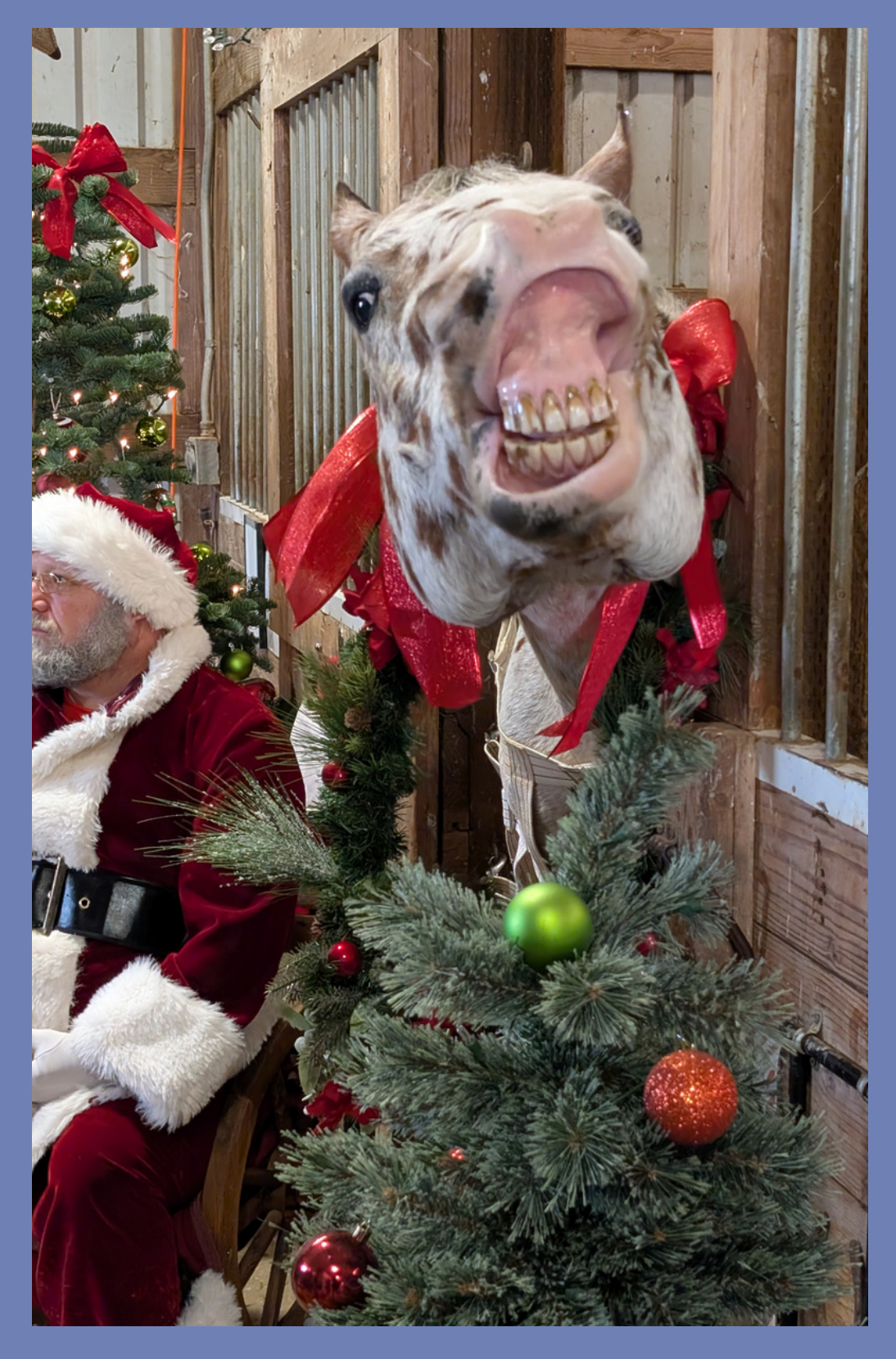
HAPPY HOLIDAYS AND A WONDERFUL NEW YEAR!
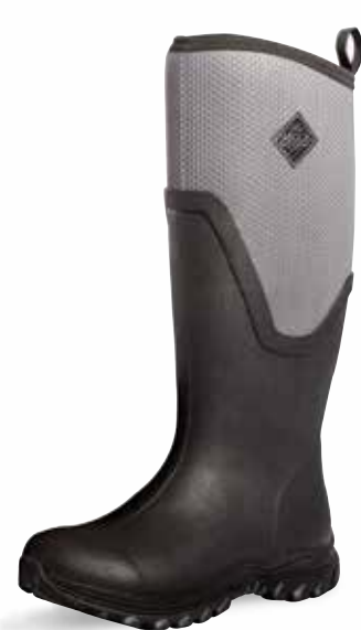
AS2T-101 | Gray
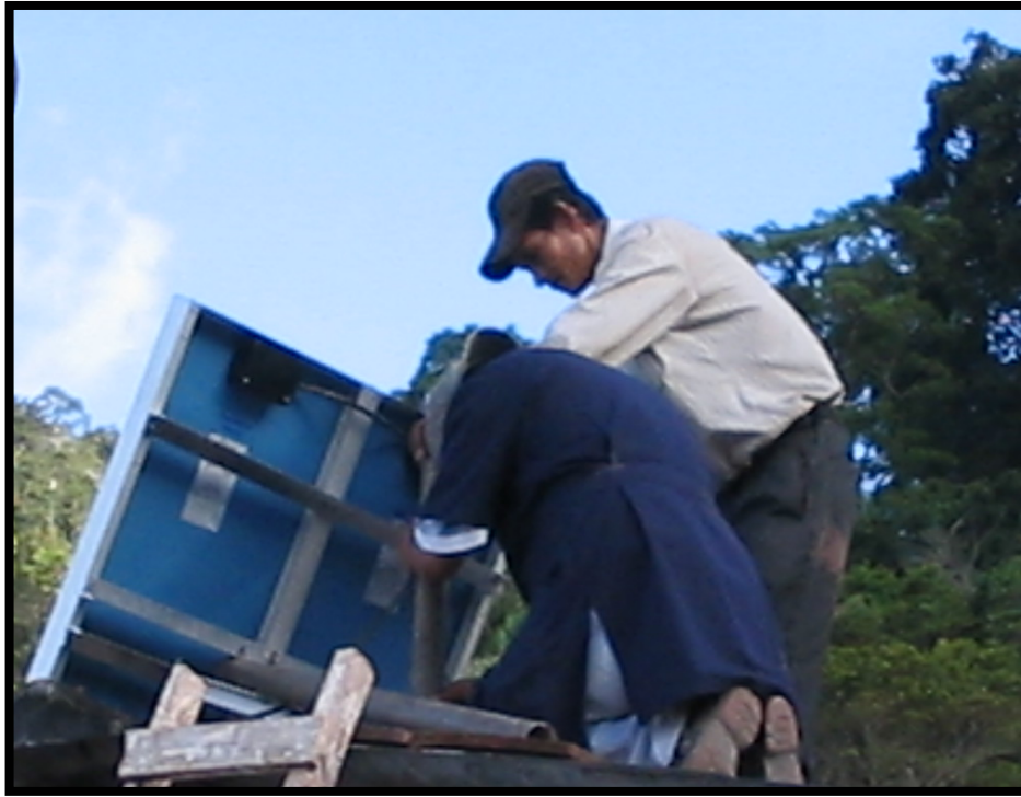
Community member assists Soluz Honduras PV Technician mount the PV array September 2004.
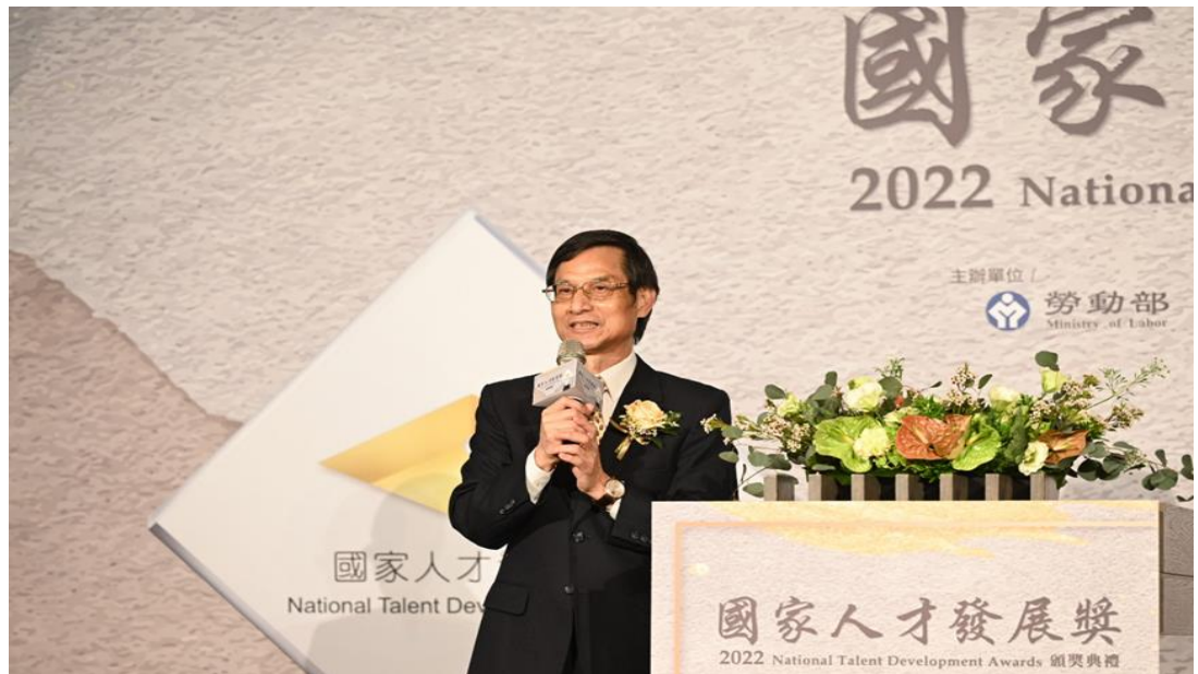
Image 15: Minister Without Portfolio Lin Wan-I delivering an address
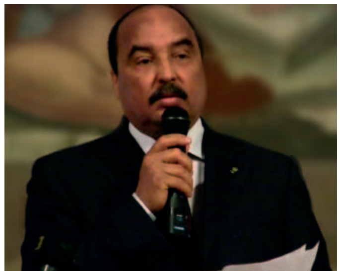
H.E. Mr. Mohamed Ould ABDEL AZIZ, President of Mauritania, current Chairman of the Summit of Heads of State of the African Union,
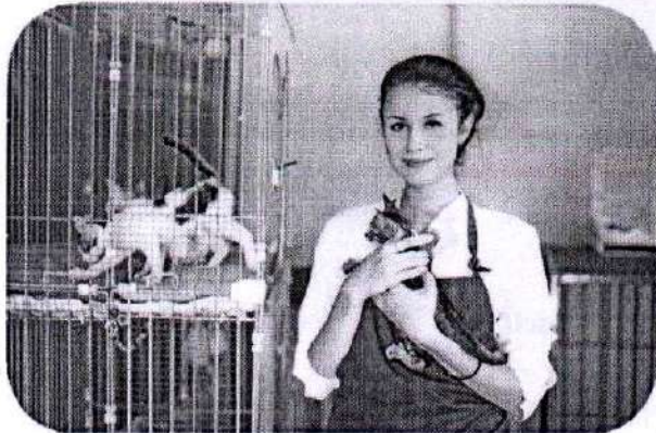
Helping injured and homeless animals
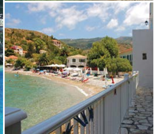
Path to the beach
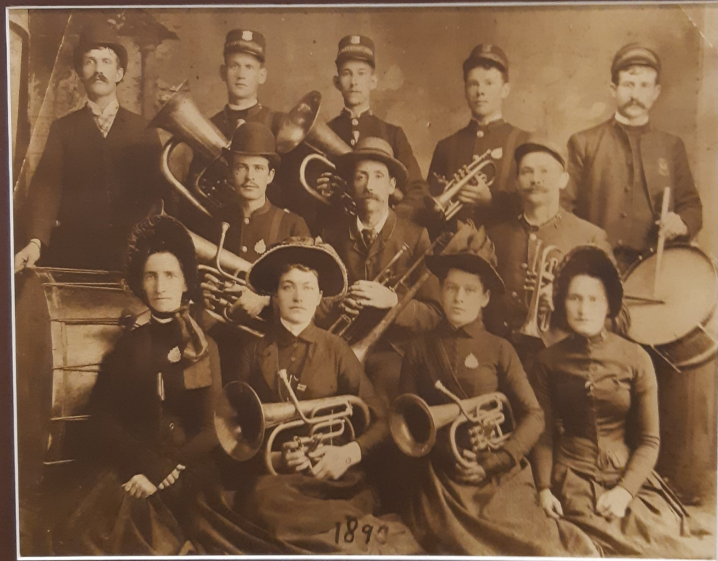
Lisgar Street Corps Band — Toronto — 1893

From the very beginning, banding has been and still is an integral expression of Army worship and outreach. As Army corps sprung up in communities all over the Canada and Bermuda Territory, Salvationists formed all kinds of music combinations — especially brass bands. These groups practiced hard, played enthusiastically, and grew in skill and numbers significantly.

════════════════

→ WORK TASK
Would you print exactly the lines in the listing above, from the line bearing "Community member assists" through the line bearing "Lisgar Street Corps Band — Toronto — 1893", leaving out all pictures?

→ SOLUTION BELOW
Community member assists Soluz Honduras PV Technician mount the PV array September 2004.
Image 15: Minister Without Portfolio Lin Wan-I delivering an address
H.E. Mr. Mohamed Ould ABDEL AZIZ, President of Mauritania, current Chairman of the Summit of Heads of State of the African Union,
Helping injured and homeless animals
Path to the beach
Lisgar Street Corps Band — Toronto — 1893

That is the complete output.